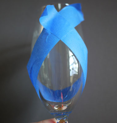 1. Corta un trozo de cinta y pégala en la copa, de forma que quede centrada en la base. Frota bien el borde de la cinta contra el cristal para que quede bien pegada.
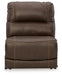 Details Includes left-arm facing power recliner, power armless recliner, console with storage, wedge, 2 armless chairs and right-arm facing power recliner, "Left-arm" and "right-arm" describe the position of the arm when you face the piece, One-touch power control with adjustable positions, Easy View™ adjustable headrest and zero-draw USB plug-in, Zero-draw technology only consumes power when the USB receptacle is in use, Zero-gravity mechanism allows optimum reclining comfort with infinite reclining positions at the touch of a button, Corner-blocked frame with metal reinforced seat; attached cushions; high-quality foam cushions wrapped in poly fiber, 100% top grain leather covers inside areas such as the back, seat and arm cushions; skillfully matched faux leather covers the remaining areas, Due to its natural origin, real leather can show individual characteristics such as healed scars, growth marks, grain variation and shade variation, Natural variations make each hide unique and do not detract from the wearing qualities of leather, Console with 2 cup holders and hidden storage, Extended ottoman for enhanced comfort, Zero wall design requires minimal space between wall and chair back, Power cord included; UL Listed
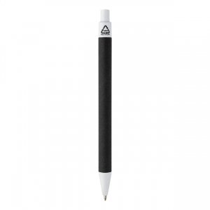 Artikel-Nr: AND800802-01Kugelschreiber aus Recyclingpapier mit schwarzem Schaft und farbigen Elementen aus recyceltem ABS-Kunststoff. Blauschreibend.
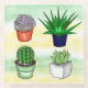 Hand drawn succulents, cactus and aloe vera plants with green and yellow marble background.
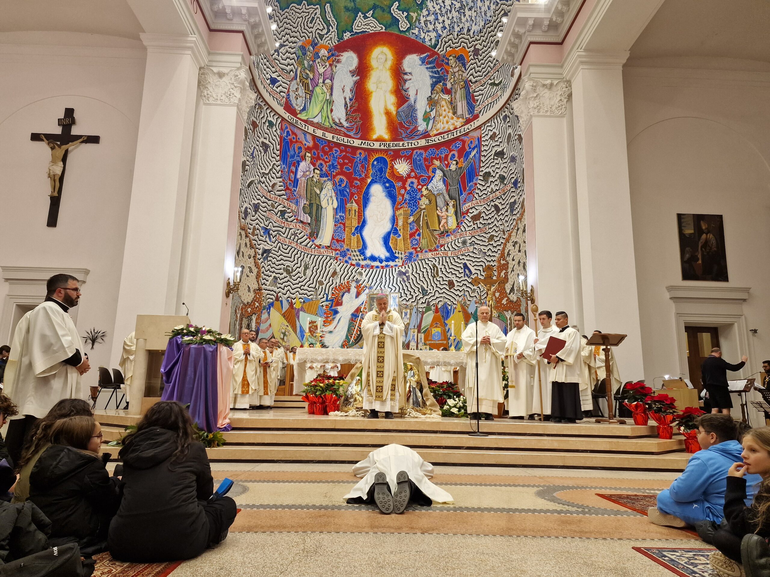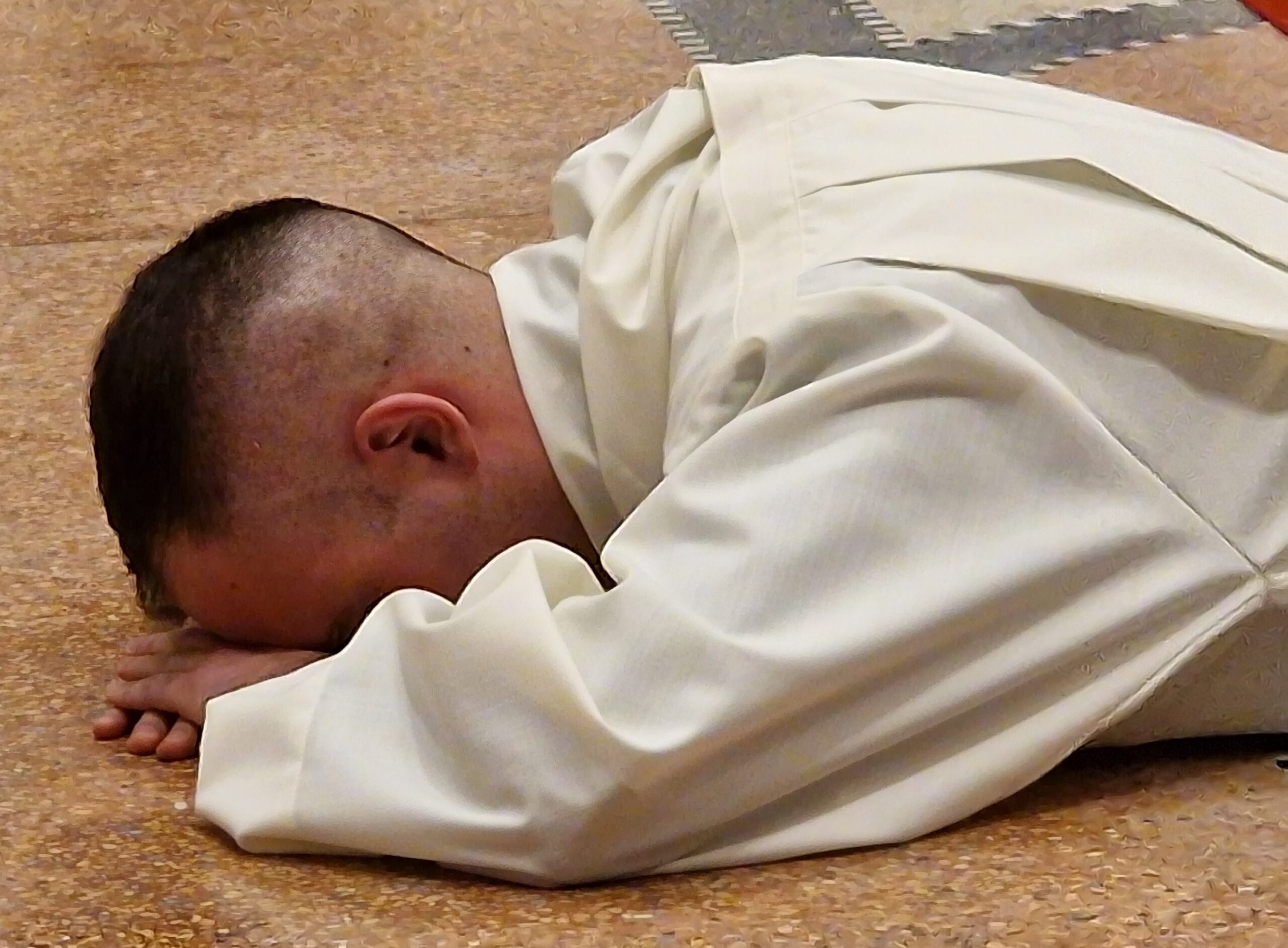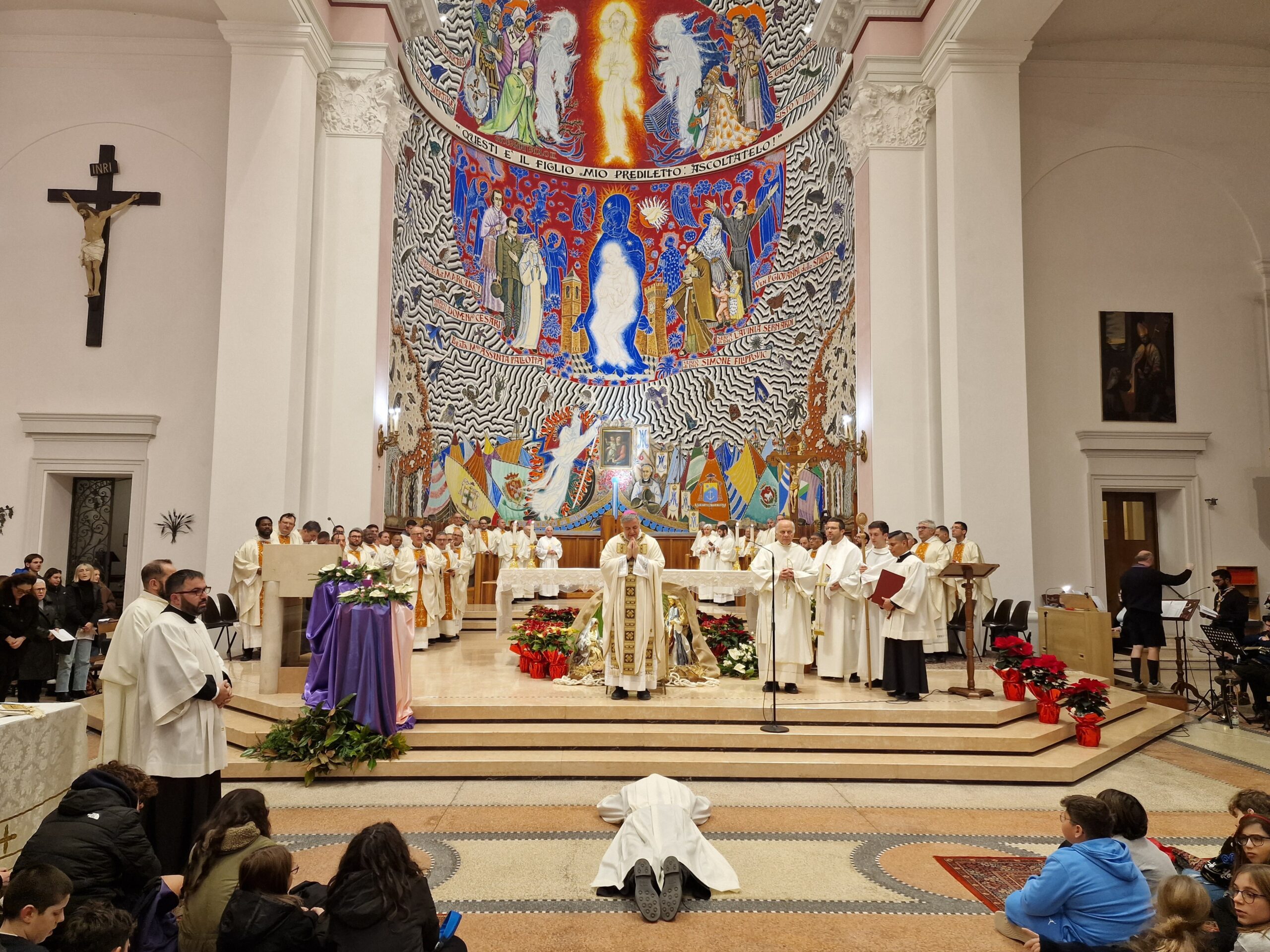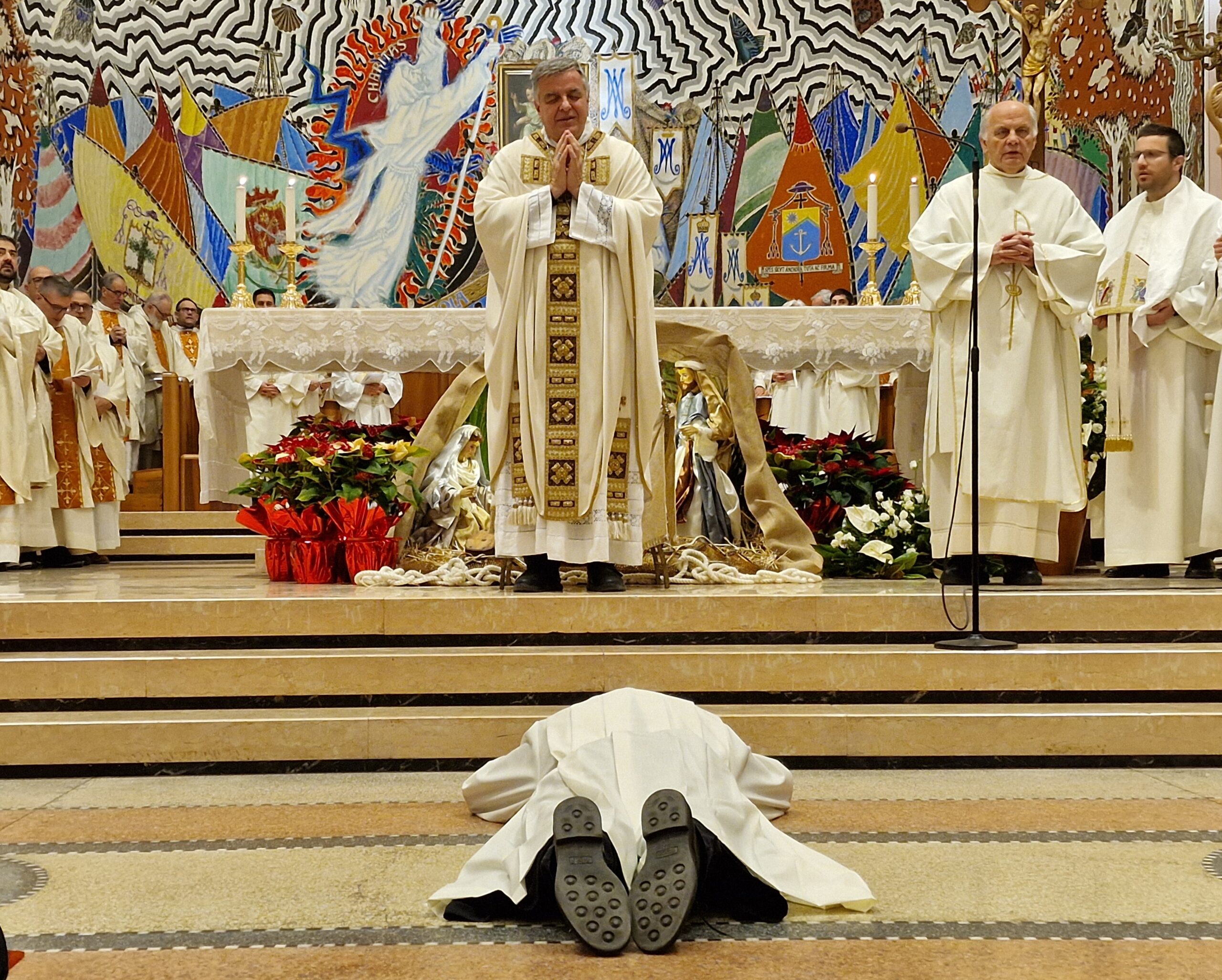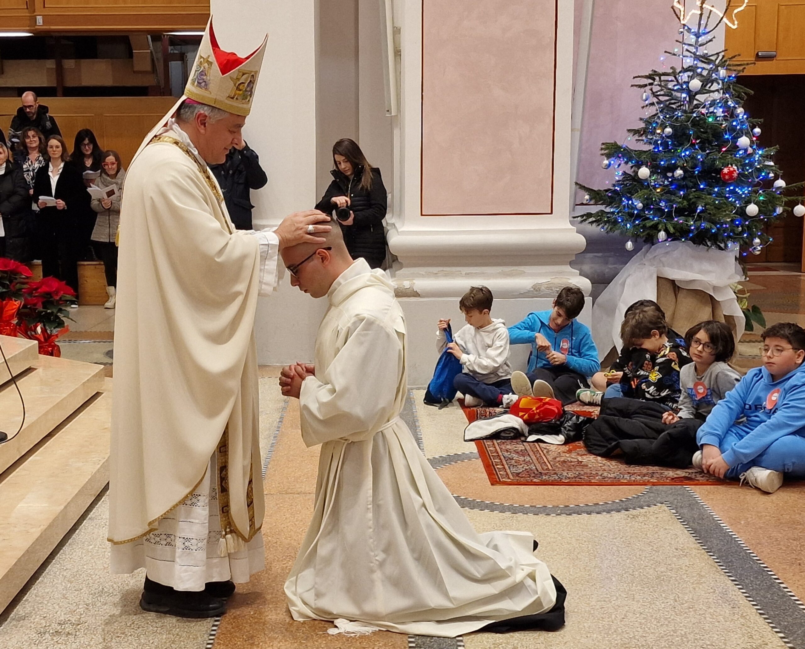 Dopo aver preso gli impegni solenni, il seminarista, come previsto dal rito, si è sdraiato a terra e, insieme all’assemblea riunita, ha pregato le Litanie dei Santi, invocandoli per concedere a lui la benedizione. A seguire Bollettini si è inginocchiato davanti al vescovo Palmieri, il quale ha imposto le mani sul capo del giovane e ha supplicato il Signore di effondere in lui lo Spirito Santo, affinché lo fortifichi con i sette doni della Sua Grazia, così da compiere fedelmente l’opera del Ministero.

§ Work instructions: Although the records hold pictures, the copy must not; give again exactly the lines from the one with "Artikel-Nr: AND800802-01Kugelschreiber aus" through the one with "Hand drawn succulents, cactus".

§ Output:
 Artikel-Nr: AND800802-01Kugelschreiber aus Recyclingpapier mit schwarzem Schaft und farbigen Elementen aus recyceltem ABS-Kunststoff. Blauschreibend.
 Hand drawn succulents, cactus and aloe vera plants with green and yellow marble background.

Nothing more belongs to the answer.